According to Howe, the album was recorded in four days and with no overdubs. The brilliant folks at Numero Group saved What a Beautiful Place from obscurity by rereleasing it in 2007. All props to them, and to Howe, who has released music as recently as 2015. We here at GSG Enterprises also stan the sexy bonus track “Let’s Keep It Quiet Now”.
Listen to What a Beautiful Placehere, and you’ll think “What a beautiful place.”
In February 2012 I went to a Thurston Moore solo show at the small New Hope Winery, near Doylestown, where my dad lived at the time. Thurston’s stripped-down, sad-sack divorcee songs were pretty decent, but I was mesmerized by the opener: local artist Weyes Blood*.
Four months later I went to Siren Records on a beautiful summer night to see the Doylestown-based Weyes Blood perform to a room of about 25 people. I spoke to her briefly and purchased a hand-made copy of her only CD at the time, The Outside Room. I was actually so excited to meet her that I forgot to pay her, until she politely pointed this out as I was walking away: “Um, excuse me!” I was a dumb 17 year old… I took an awkward picture of us on my flip-phone that exists… somewhere.

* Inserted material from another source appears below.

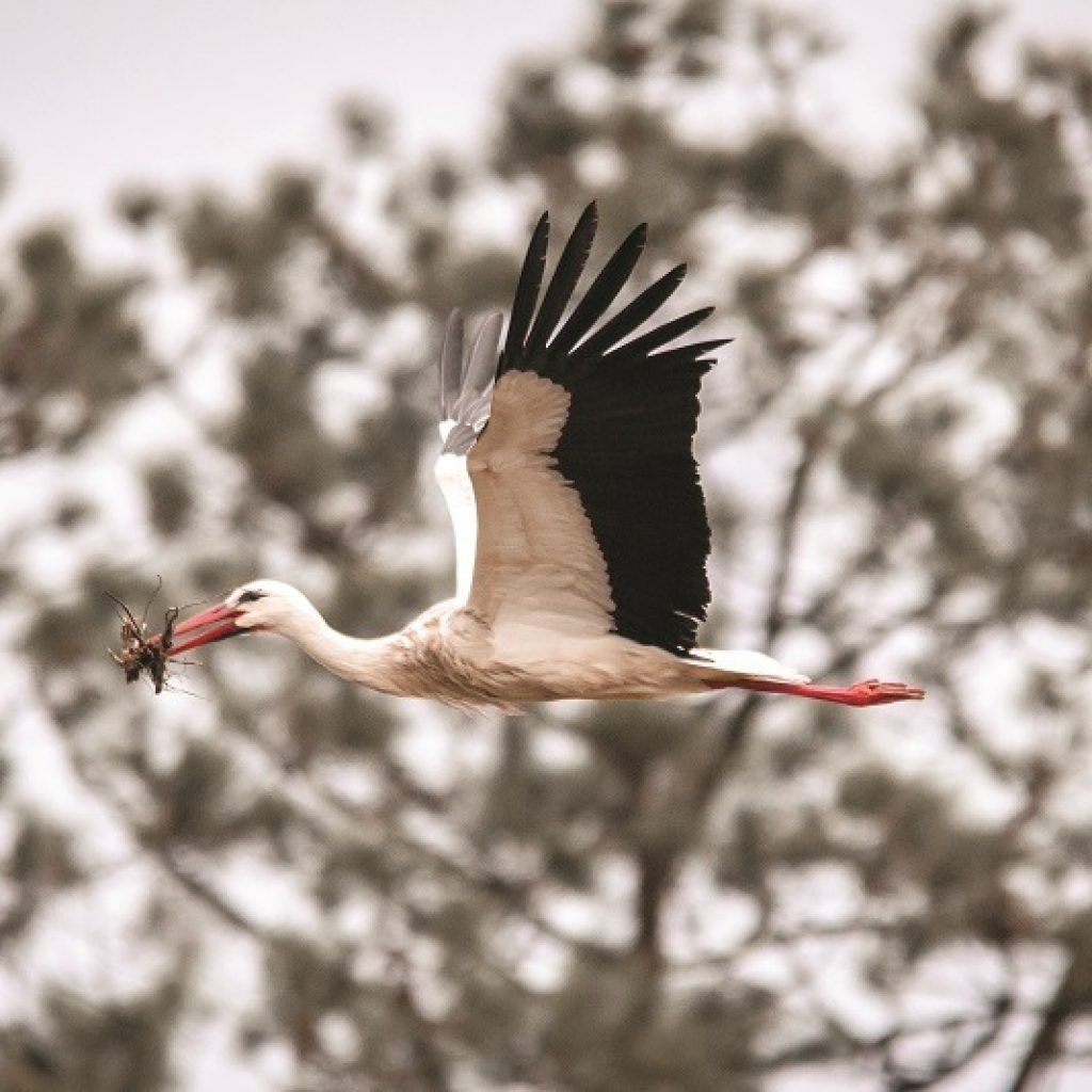 Cegonha branca (Ciconia ciconia) Tem pescoço e patas compridas, tonalidade branca do corpo, com as pontas das primárias e secundárias pretas. Cor vermelha viva no bico e patas.

So check this out: The Outside Room rules. I’m not gonna tell you it’s better than Titanic Rising, or that I was ever friends with her, or that I predicted her success (not that it really surprised me either). One thing was really clear both times I saw her live playing, as I recall, solo on a synthesizer to a small room: she was very talented (and still is)! With no fame or following she created a thick atmosphere and hypnotized the audience (or me, at least). The Outside Room rarely left the 2003 Honda Pilot that I constantly drove around in high school.

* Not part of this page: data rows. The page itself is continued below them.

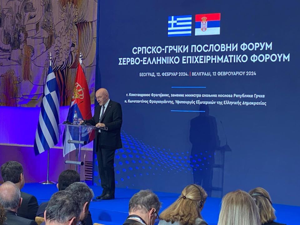 Με επιτυχία ολοκληρώθηκε η αυθημερόν επιχειρηματική αποστολή στο Βελιγράδι, τη Δευτέρα 12 Φεβρουαρίου, υπό το συντονισμό του Υφυπουργού Εξωτερικών για την Οικονομική Διπλωματία και Εξωστρέφεια, Κώστα Φραγκογιάννη και με συμμετοχή 360 Ελλήνων και Σέρβων επιχειρηματιών, με βάση στοιχεία του Σερβικού Εμπορικού και Βιομηχανικού Επιμελητηρίου που φιλοξένησε την εκδήλωση.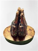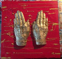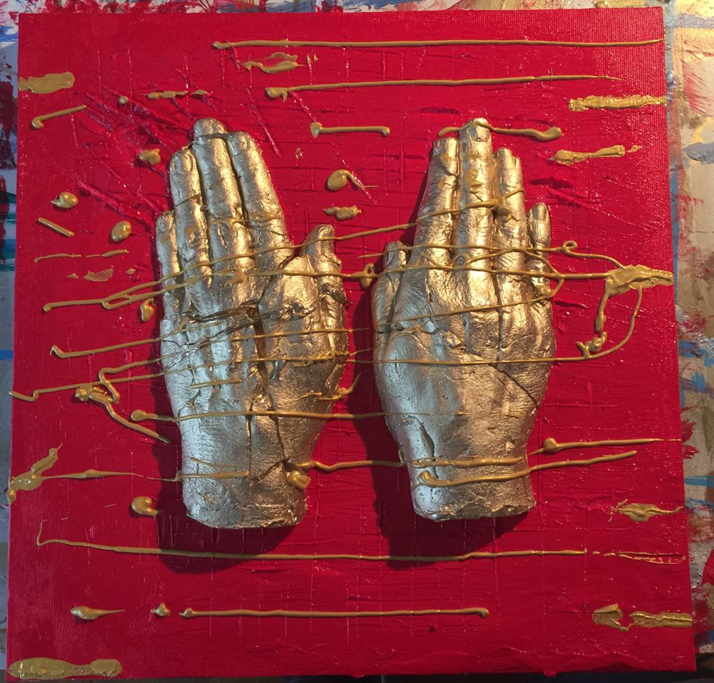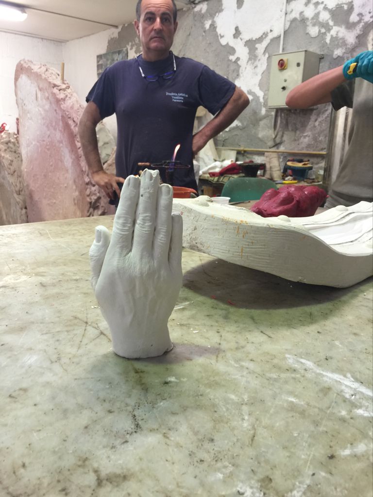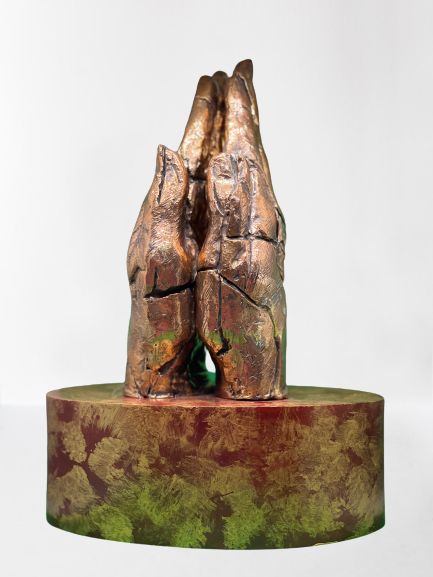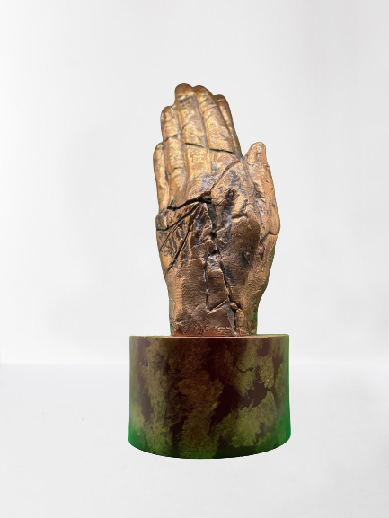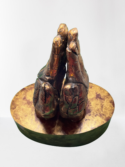 LE MANI IN PREGHIERA E' UNA FUSIONE IN BRONZO ESEGUITA A PIETRASANTA NELLA FONDERIA VERSILIESE, LA STESSA CHE REALIZZA LE SCULTURE DI BOTERO. E' UN'UNICA REALIZZAZIONE A CERA PERSA ED E' UNO DEI PIU' IMPORTANTI SOGGETTI DELLE OPERE DI GIANNA MOISE, REALIZZATI SIA IN VETRO DI MURANO SIA IN PITTURA.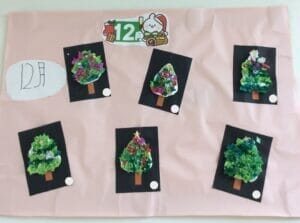 12月のカレンダー作りでは”微細運動をおこなう”ことを目的とし、

Listening to it today, it’s clear that from a young age she could write great songs. From the jump, the organ and watery echo of the drums suggest an incense-filled room, and Mering’s melodies carry you through. There’s a kind of fantastical storybook feeling: “In the pale night / When the mood changes you…” “Storms That Breed” is definitely one for the Ouija board crowd. I love it. “Romneydale” is another highlight. The guitar riff is not dissimilar to a country ballad, but among the swirling chimes and vocals it all kind of melds together into a psychedelic folk track. Things get weirder on the penultimate track, more sound-collage-y than song-based. Based, nonetheless. The closer “His Song” absolutely sounds like levitating.

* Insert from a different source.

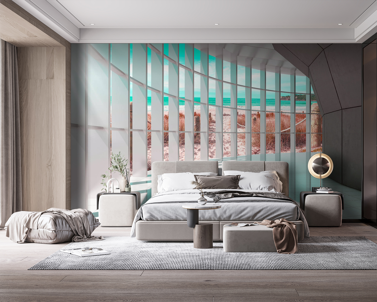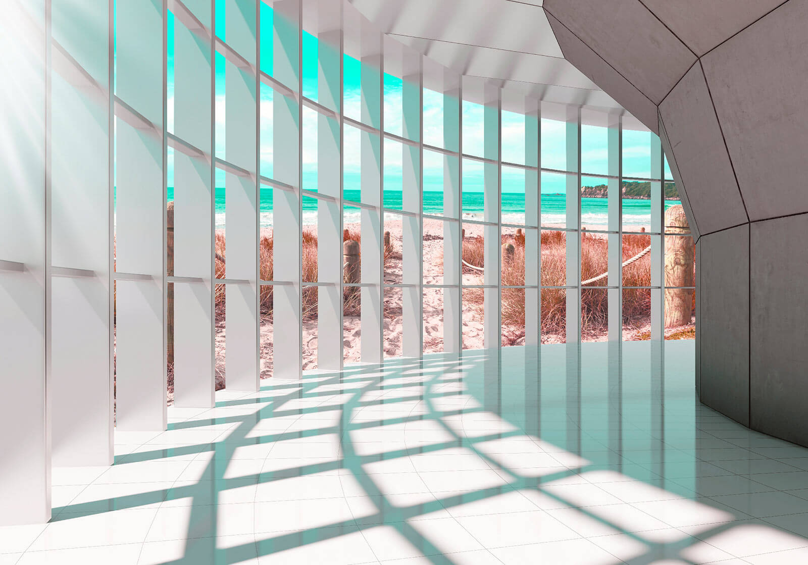 Imagine entrar en una habitación bañada por la cálida luz del sol, donde el tranquilo océano azul le da la bienvenida a través de elegantes y modernas ventanas. Eso es exactamente lo que obtendrá con el mural de pared “Habitación iluminada por el sol con vistas al océano”. No es sólo un mural, ¡son unas minivacaciones para sus paredes! Perfecto para añadir un toque de serenidad costera a cualquier espacio. Tanto si se trata de su salón como de un espacio de trabajo, este impresionante diseño en 3D le hará sentir como si estuviera allí mismo, en la playa. Casi se oyen las olas, ¿verdad? Sumérgete en esta vista y deja que un trozo del océano calme tu día. Hermoso y relajante, hará que tu hogar se sienta como un paraíso junto al mar. 🌊🌞

It’s not surprising that she eventually worked with Ariel Pink (on a supremely underrated EP that is maybe my favorite Weyes Blood release): the lo-fi, bedroom pop style is indebted to his early classics. And maybe it’s just that “Candyboy” is titled similarly to “Chocolate Girl” (both killer songs), but this album also reminds me of Animal Collective’s early lo-fi classic Spirit They’re Gone, Spirit They’ve Vanished. I think that fans of that release will quickly appreciate The Outside Room. It’s also worth noting that this album was mastered by Graham Lambkin. I don’t think that Weyes Blood plays these songs anymore (I haven’t seen her in nine years), but it’d be cool to see them adapted to her current style!
*The original article on NJ.com had this to say: “Weyes Blood (first name Natalie) has been around since the mid ’00s and is a conventional folk artist.”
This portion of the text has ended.